Ангел западного окна
Шрифт:
Непринужденно, с неподражаемой грацией — человеку уже недоступной, её можно встретить ещё только в невинном царстве диких зверей, — слегка опёршись о выступ высокого книжного шкафа, княгиня своим спокойным, удивительно мягким, бархатным голосом продолжала рассказывать о древнем культе Исаис Понтийской, о том, как он развился в тайной секте мифраического жречества.
«Яна! Яна!» — воскликнул я про себя, пытаясь заглушить тёмное, вкрадчивое благозвучие этого голоса, чарующего, несмотря на сугубо научный предмет лекции. Мне показалось, что образ Яны проплыл перед моими глазами в зеленоватой толще; она кивнула мне с печальной улыбкой и расплылась, рассеялась, растворилась
Она говорила о мистериях понтийского тайного культа, посвященного Исаис Черной… После глубоких, напряженных медитаций, с чувствами, исступленными немыслимыми духовными оргиями, мисты, облаченные в женские одежды, приближались к богине женской, левой половиной своего тела и символически жертвовали ей свое мужское естество, бросая к её ногам серпы. И только слабовольные вырожденцы — в дальнейшем они уже не допускались к посвящению, путь адептата становился для них закрытым навсегда — в экстатическом галлюцинозе страшного ритуала оскопляли себя. Эти калеки на всю жизнь оставались в преддверии храма, иные из них, придя в себя через некоторое время и с ужасом осознав, осененные прозрением свыше, всю глубину своей духовной катастрофы, в которую их ввергло самозабвенное неистовство ритуального экстаза, кончали самоубийством, и их лярвы, их призраки, их лемуры составляли рабски преданную свиту своей черной, потусторонней повелительницы.
«Яна! Яна!!» — воззвал я вновь de profundis [54] моей души, чувствуя, как ускользает моя внутренняя опора… Вспыхнул объятый пламенем деревянный кол, вокруг которого обвилась тяж`лая от спелых виноградных гроздей лоза…

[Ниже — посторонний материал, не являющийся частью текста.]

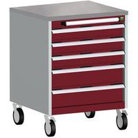 Bott Cubio mobil komód, 89 x 65 x 65 cm, 5 fiókos, linóleum, szürke-piros
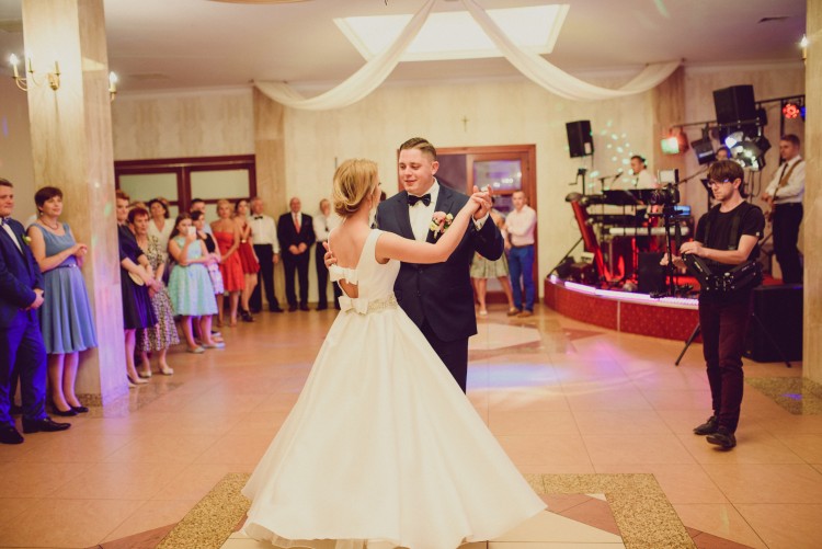 Suknia bardzo elegancka i lekka co sprawia, że jest bardzo wygodna. Pięknie układa się w tańcu. Kokardki na plecach dodają sukni wdzięku.

Глас вопиющего в пустыне… Я слишком хорошо понимал, что Яна далеко, бесконечно далеко от меня; быть может, лежит, погруженная в глубокий сон, беспомощная, отторгнутая, отрезанная от какой-либо земной связи со мной.
54
Из глубины (лат.)
И тут кипевшая во мне ярость обратилась на меня самого. «Трус! Вырожденец! Духовный кастрат, годный лишь на то, чтобы окончить свою жалкую жизнь подобно фригийскому корибанту! Приди в себя! Опомнись! Полагаться можно лишь на свои собственные силы! Ведь сознание своего Я и есть тот камень преткновения, из-за которого идет эта сатанинская схватка! Тебя просто хотят оскопить! Только твоё Я может тебя спасти, а все эти слёзные молитвы к матери и к другим манифестациям материнской сущности: жена, возлюбленная — они лишь переоденут тебя в женское платье, и ты так или иначе останешься жрецом кошачьей богини!..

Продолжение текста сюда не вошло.